Asked last week during Sun Belt Media Days in New Orleans about his pro future, Barlev said he’s trying not to think about it. There are nearly five weeks of practice ahead, followed by 12 regular-season games, and, hopefully, a postseason as well.
He is adhering to Rahne’s 1-0 mentality, that dictates you don’t look past your next opponent or even your next practice, that you focus on the moment.
You can forgive his family for looking ahead to ODU's opener at Indiana on Aug. 30. Bloomington, Indiana is just a four-hour drive from Bolingbrook and nearly 40 family members plan to be there.

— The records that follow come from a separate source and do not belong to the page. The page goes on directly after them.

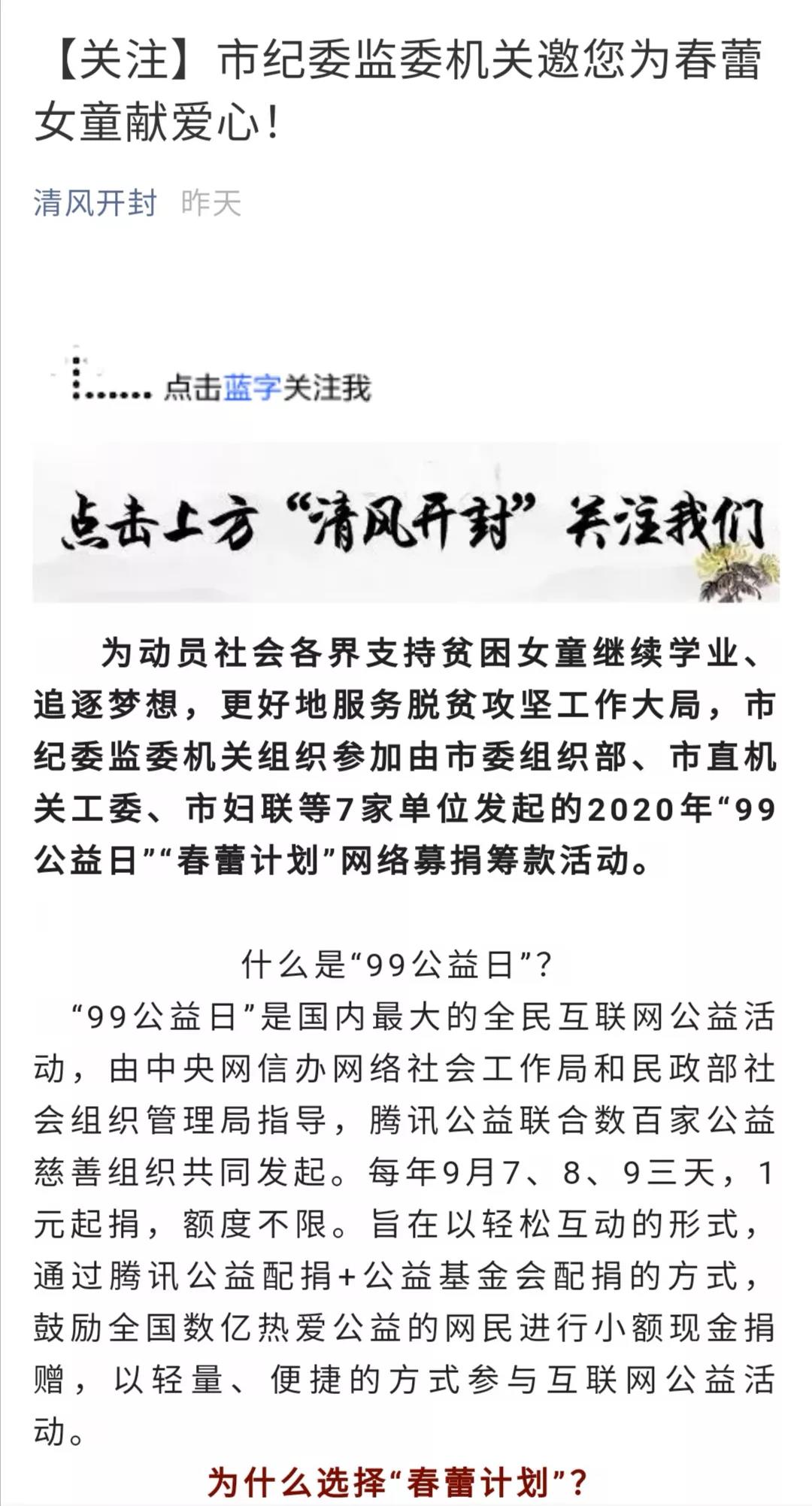 “我们在微信公众号‘清风开封’设置了捐款小程序,同志们,动动手指,就能为一个女孩点亮圆梦学堂的希望,欢迎大家踊跃参与‘99公益日’活动……”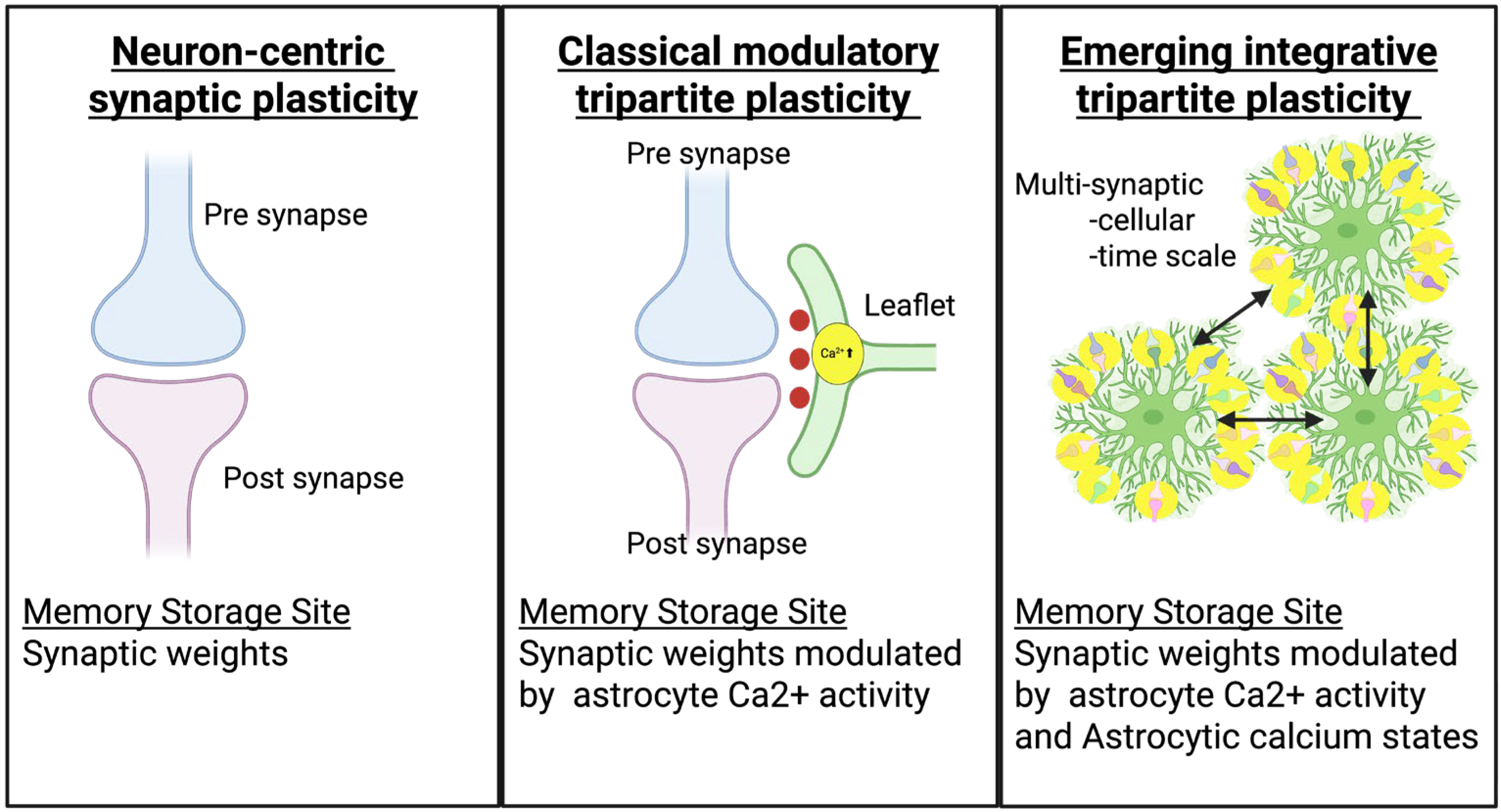 | Dimension | Neuron-Centric Synapse Plasticity | Classical Tripartite Synapse Plasticity | Emerging Integrative Tripartite Synapse Plasticity |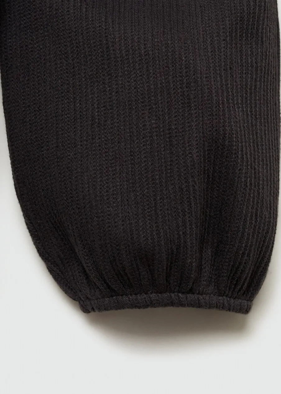 OpisModel prosty. Okrągły dekolt. Długi bufiasty rękaw. Bez zapięcia. Bawełna 100%.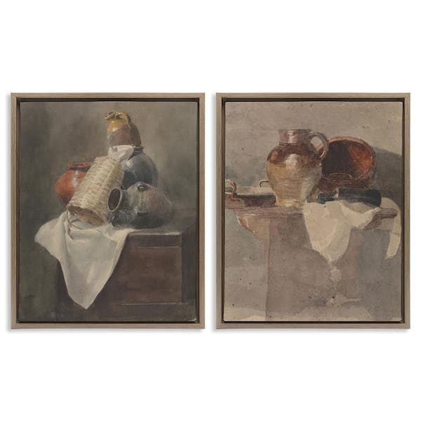 Vintage Sundries Still Lifes by Peter Dewint 2-Pieces Brown Floater Frame Food Graphic Art Print 31 in. x 25 in.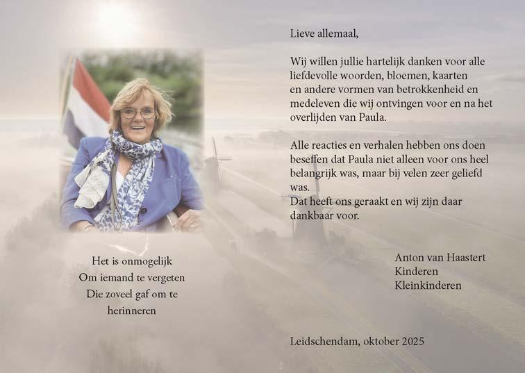 Voor de overleden armen en weldoeners van onze parochie, Kees van Dijk, Aad van Dijk, Willem van Dijk, Jaap Verburg, Adrie van Nierop, Nelly Ammerlaan- Overgaauw, Peter van Leeuwen, Joop Hilgersom, Jeannette Develing- Roest, Kees Knijnenburg, Leo van den Brink, Paula van HaastertOosterlaan, Theresia Frauenfelder- Mosheuvel

Scott and Jean have attended every game he's played and will attend every game this season. They joined the Old Dominion Athletic Foundation largely to get a tailgate parking pass, and often party with The Monarchists, a group of ODU boosters, before home games.
Their son, for one, is focused on this week's start of practice.
“I thought our offensive line was really close last year,” he said. “But the jump we’ve made to this year is just insane. I feel like we’re all literally brothers. The amount of trust we have for each other is amazing.
“We’re ready to go to work. If we focus on one day at a time and work hard, we can be a really good team.
“Yes, I was a preseason first-team pick. And I know some people are expecting us to do well this season.
“But all of that means nothing. It’s all guess work. We’ve got to put in the work. And I know we’re going to do that. This team is so determined to go out and win.”